Copy out the data word for word, without any of its pictures.

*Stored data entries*
........

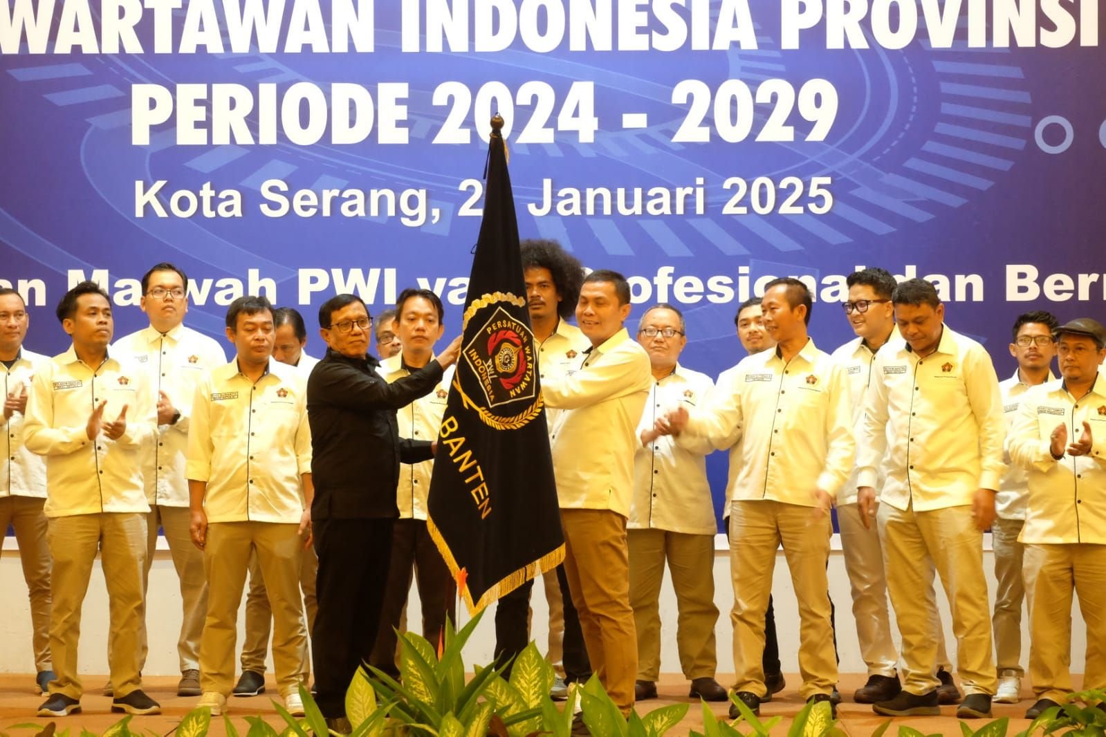 Demikian disampaikan Ketua PWI Banten Mashudi saat sambutan usai Pelantikan Pengurus PWI Provinsi Banten Periode 2024-2029 di Hotel Ultima Ratu Serang, Selasa 21 Januari 2025.
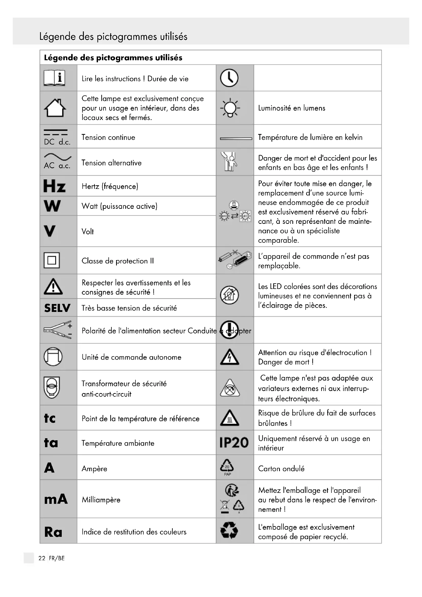 Indice de restitution des couleurs L'emballage est exclusivement composé de papier recyclé. Légende des pictogrammes utilisés/Introduction23 FR/BE Légende des pictogrammes utilisés Légende des pictogrammes utilisés/Introduction Légende des pictogrammes utilisés
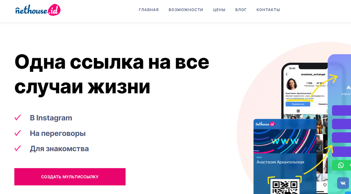 Мультиссылка или сайт для Instagram бесплатно от Nethouse
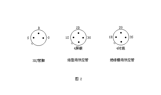 目前常用的结型场效应管和MOS型绝缘栅场效应管的管脚顺序如图2所示。
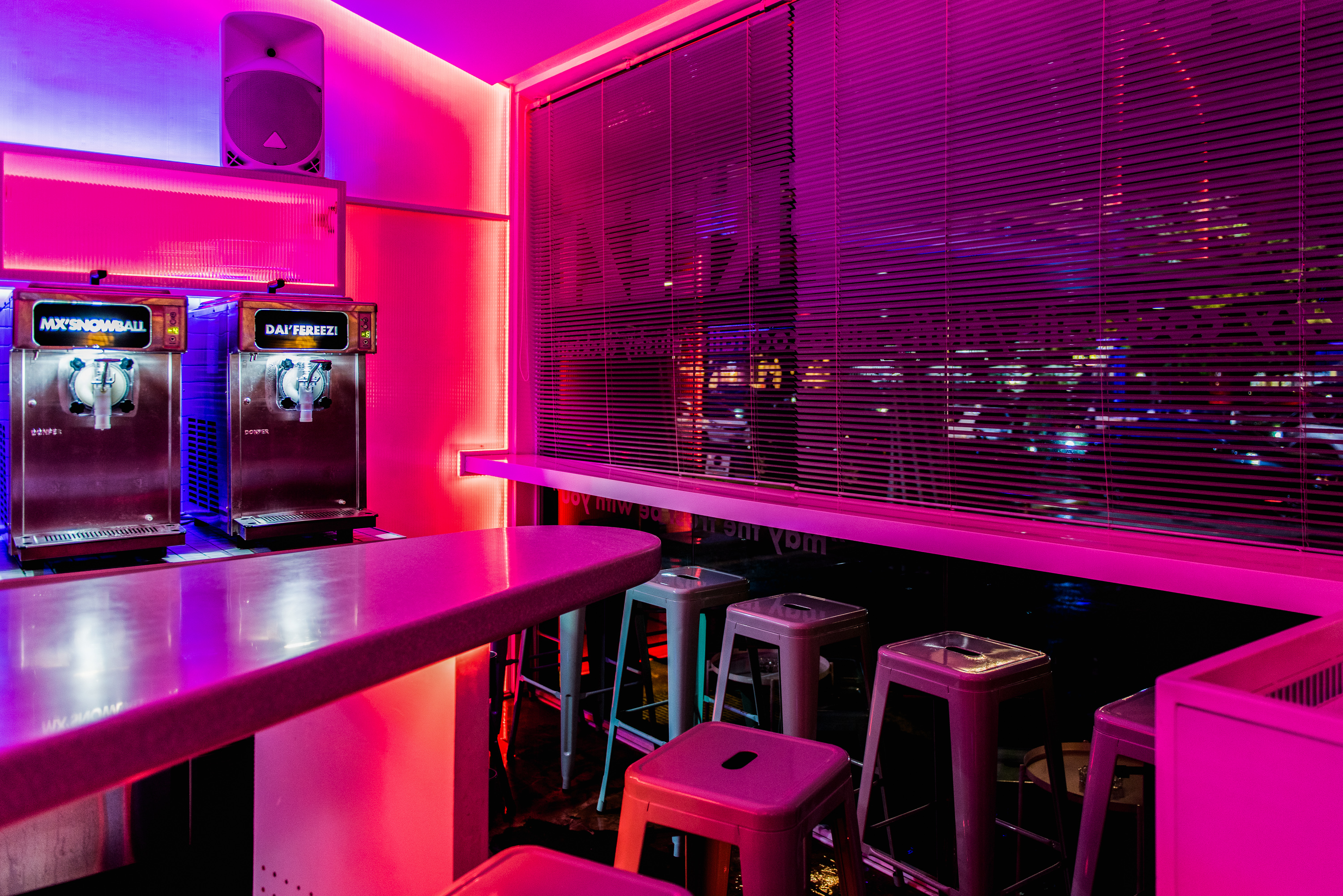 ทางร้านโดดเด่นด้วยไฟสีม่วงนีออน ภายในมีบาร์หินอ่อน ด้านหลังเป็นเครื่อง Slushies and Nitro Cocktails ที่นำเข้ามาจากอเมริกา และแท็ปค็อกเทล พร้อมใช้เฟอร์นิเจอร์หนังสีฟ้าให้เข้ากับแสงไฟนีออน ให้ความรู้สึกเหมือนได้เข้าไปอยู่ในอีกมิติ

........

*SOLUTION FOR THIS EXERCISE*
 Demikian disampaikan Ketua PWI Banten Mashudi saat sambutan usai Pelantikan Pengurus PWI Provinsi Banten Periode 2024-2029 di Hotel Ultima Ratu Serang, Selasa 21 Januari 2025.
 Indice de restitution des couleurs L'emballage est exclusivement composé de papier recyclé. Légende des pictogrammes utilisés/Introduction23 FR/BE Légende des pictogrammes utilisés Légende des pictogrammes utilisés/Introduction Légende des pictogrammes utilisés
 Мультиссылка или сайт для Instagram бесплатно от Nethouse
 目前常用的结型场效应管和MOS型绝缘栅场效应管的管脚顺序如图2所示。
 ทางร้านโดดเด่นด้วยไฟสีม่วงนีออน ภายในมีบาร์หินอ่อน ด้านหลังเป็นเครื่อง Slushies and Nitro Cocktails ที่นำเข้ามาจากอเมริกา และแท็ปค็อกเทล พร้อมใช้เฟอร์นิเจอร์หนังสีฟ้าให้เข้ากับแสงไฟนีออน ให้ความรู้สึกเหมือนได้เข้าไปอยู่ในอีกมิติ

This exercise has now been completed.